For a while, Jason Hart of Manchester, England, believed that crime could pay. He sold a number of items on eBay, including 20 Xboxes, mobile phones, and tickets to the Ryder Cup, concerts, and other events. All in all, he made £23,500 (about $36,000) between September 2006 and April 2007.
That’s a profitable venture. Very profitable, in fact, since he never sent the buyers any of the items he sold. When those buyers pursued him for the goods, he came up with a string of excuses, the BBC reports, the ultimate of which was calling the local paper, posing as his father, to say Jason Hart had died. Finally complaints by customers to the police prompted an investigation, and authorities worked with eBay.

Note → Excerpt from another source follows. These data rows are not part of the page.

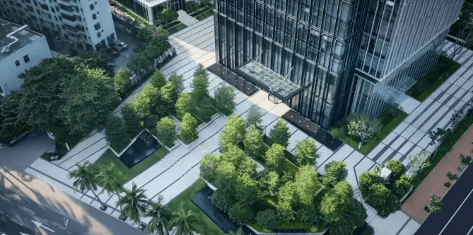 设计理念:以 “森林绿洲” 为景观设计主题,结合海口热带海洋气候特征,采用大量乔木覆盖户外通行空间,营造森林中漫步的体验感,斩获 2022 年度缪斯(MUSE Design Award)商办类景观设计金奖。建筑采用轻奢极简的玻璃幕墙提升项目的城市界面展示形象,室内融入地方海洋文化特色。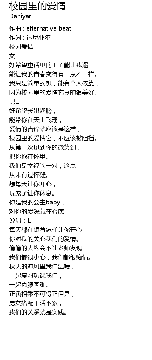 | yīn wèi xiào yuán lǐ de ài qíng tā zhēn de hěn měi hǎo. | |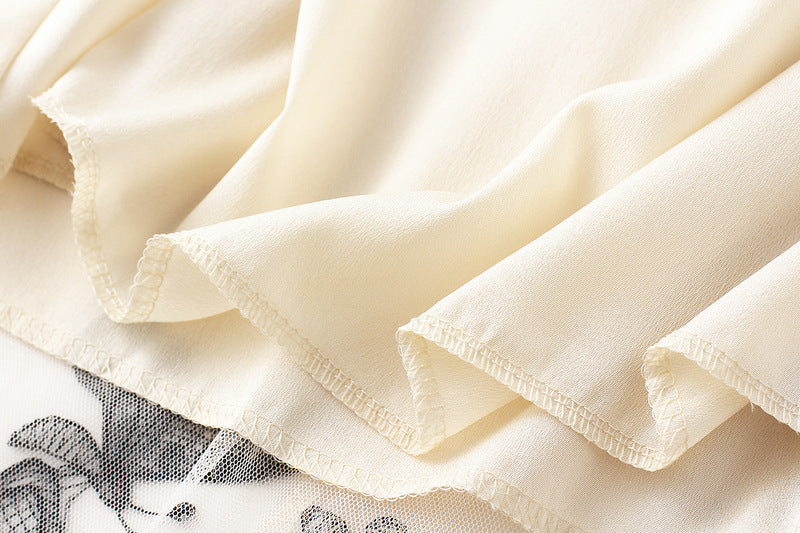تنورة ميدي أنيقة من التول، مزينة بتطريزات فراشات رقيقة بدرجات اللون الأحمر الغني. مصممة بقصة انسيابية ناعمة وبطانة داخلية خفيفة لحركة أنيقة، مثالية للارتقاء بالأناقة اليومية أو للمناسبات الخاصة.

Now it’s all come back to haunt him, as he pleaded guilty to conspiracy to commit fraud, with the additional sting of perjury for telling a court his mother had died. He received six months in jail for the lie and another 18 months for the fraud. While pronouncing sentence, judge Mr Justice Everett told him:
"You put people off in that horrible, cynical fashion, showing just how capable you are of manipulative behavior in a dishonest way."
Hart’s girlfriend of the time had already pleaded guilty to acquiring criminal property for receiving gifts from Hart.
Richard Ambrose, head of Trust and Safety for eBay UK, said:
"The sentencing of Hart sends out a clear signal to sellers who try to defraud buyers on our site that they won’t get away with it.”